Hier haben wir also einen schlagenden Beweis dafür, was die Anwesenheit von Arbeitern nicht nur im Parlament, sondern auch in kommunalen und allen anderen Körperschaften bedeutet. Wie anders würde manch ein Streik in England enden, wenn die Männer den Stadtrat des Ortes hinter sich hätten! Die englischen Stadträte und die örtlichen Ausschüsse, die zum großen Teil von Arbeitern gewählt werden, bestehen zur Zeit fast ausschließlich aus Unternehmern, ihren direkten und indirekten Agenten (Advokaten etc.) und im besten Falle aus Ladeninhabern. Sobald ein Streik oder eine Aussperrung erfolgt, wird die ganze moralische und materielle Macht der Ortsbehörden zugunsten der Herren und gegen die Arbeiter angewandt; selbst die Polizei, mit dem Geld der Arbeiter bezahlt, wird genau so eingesetzt wie in Frankreich die Truppen, um die Arbeiter zu illegalen Handlungen zu provozieren und sie dann zur Strecke zu bringen.
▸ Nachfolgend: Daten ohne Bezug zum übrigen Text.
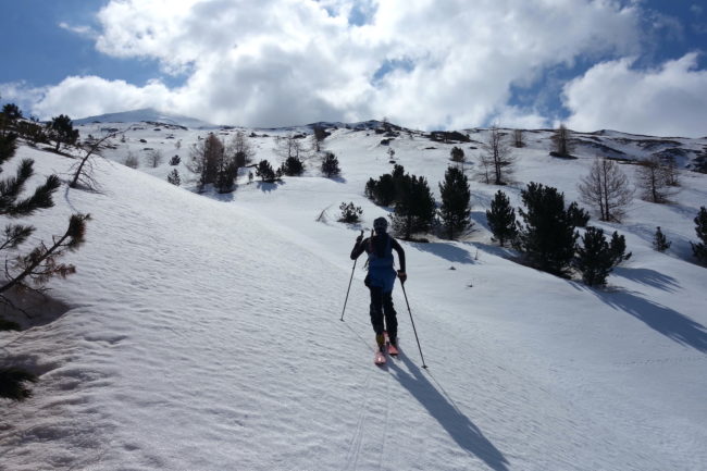 L’Aiguille de Scolette, ou Pierre Menue en italien, est le second plus haut sommet des Alpes Cottiennes. Peu connue du grand public, son accès difficile la rend sauvage. En été, son versant nord-ouest constitue la voie la plus facile. Il s’agit d’une ascension peu technique, où toute la difficile réside sur la fin. En effet, le point culminant est défendu par quatre tours rocheuses, devant être gravies. En hiver, la même voie offre de grandes pentes, intéressantes pour les sports de glisse. Les skieurs s’arrêtent très souvent vers 3400 mètres d’altitude, au pied des ultimes ressauts. C’est ici que débute le couloir Coudé, une ligne de 630 mètres de haut proposant une pente comprise entre 40 & 45 degrés. L’itinéraire se réalise généralement en boucle.
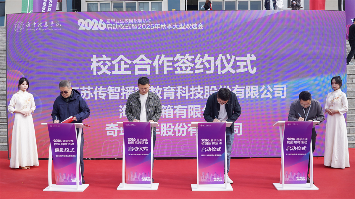 校企合作签约环节中,晋中信息学院校长姬宇与江苏传智播客教育科技股份有限公司、海信冰箱有限公司、奇瑞汽车股份有限公司三家企业代表共同签署战略合作协议,随后还邀请到小米之家科技有限公司进行了现场企业路演宣讲。此次签约及路演不仅是校企资源互通、协同育人的重要举措,同时为拓宽学生实习就业渠道、推动产学研融合奠定了坚实基础。
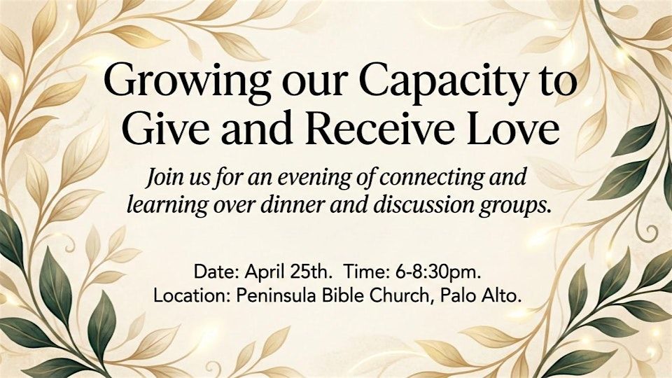 God has designed us to be a people of love. Join us as learn and discuss how to grow our friendship, romance, and sacrificial love muscles in community. Our speaker will be Rob Schulze, Community Pastor of Peninsula Bible Church. Attendees will also be invited to join future gatherings and a eight week summer class at PBC-- How We Love. How We Love walks us through our unique love styles based on our early attachment and explores how we can better give and receive love through knowing our style and thre style of others.

Die Armenbehörden verweigern in den meisten Fällen Unterstützung für die Männer, die ihrer Meinung nach arbeiten könnten, wenn sie wollten. Und das ist ganz natürlich. In den Augen dieser Art Leute, die mit Einwilligung der Arbeiter die Ortsbehörden bilden, ist der Streik eine offene Rebellion gegen die Gesellschaftsordnung, eine Empörung gegen die geheiligten Rechte des Eigentums. Daher wird auch bei jedem Streik und bei jeder Aussperrung das ganze ungeheure moralische und physische Gewicht der Ortsbehörden in die Waagschale der Herren geworfen, solange die Arbeiterklasse damit einverstanden ist, daß die Herren und die Vertreter der Herren in lokale Wahlkörperschaften entsandt werden.
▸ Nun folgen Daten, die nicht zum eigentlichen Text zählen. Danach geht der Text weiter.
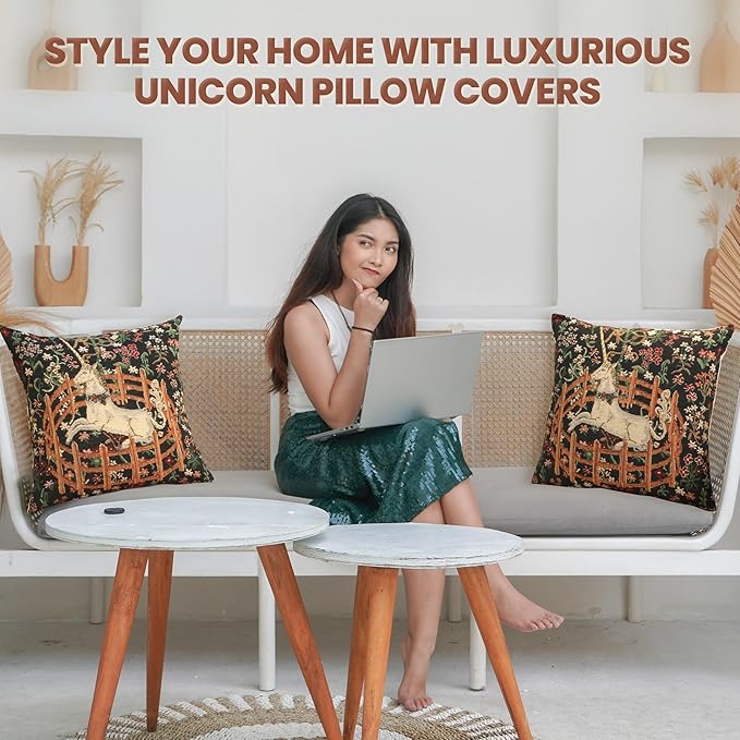 - Delicate Craftsmanship: Are you searching for captivating tapestry art pieces by famous artists? Let us help you create an appealing home ambiance with our stylish decorative pillows for couch, carefully hand-finished by skilled artisans in Belgium on a jacquard loom with 100% cotton thread. Update the look of your living space with our exquisite unicorn throw pillow covers, reflecting your unique style

Wir hoffen, daß die Handlungsweise der beiden französischen Stadträte vielen die Augen öffnen wird. Es sei ein für allemal auch den englischen Arbeitern gesagt, daß "sie in Frankreich diese Dinge besser besorgen". Die englische Arbeiterklasse, mit ihrer alten und mächtigen Organisation, ihren uralten politischen Freiheiten, ihrer langen Erfahrung in politischer Betätigung, hat gegenüber jedem Lande auf dem Kontinent gewaltige Vorteile. |269| Dennoch konnten die Deutschen zwölf Vertreter der Arbeiterklasse in den Reichstag entsenden, und sowohl in Deutschland als auch in Frankreich besitzen Vertreter der Arbeiterklasse in zahlreichen Stadträten die Mehrheit. Gewiß, in England ist das Wahlrecht eingeschränkt; aber selbst jetzt bildet die Arbeiterklasse in allen großen Städten und in den Industriebezirken die Mehrheit. Sie braucht es nur zu wollen, und diese potentielle Majorität wird sofort eine wirkliche, eine Macht im Staate, eine Macht in allen Orten, wo die arbeitende Bevölkerung konzentriert ist. Und wenn erst einmal Arbeiter im Parlament, in den Stadträten und lokalen Fürsorgeämtern etc. sind, wie lange wird es dann dauern, bis ihr auch in den Behörden Vertreter der Arbeiterklasse habt, die fähig sind, einen Knüppel zwischen die Beine jener Dogberries zu werfen, die jetzt so häufig rücksichtslos auf dem Volk herumtrampeln?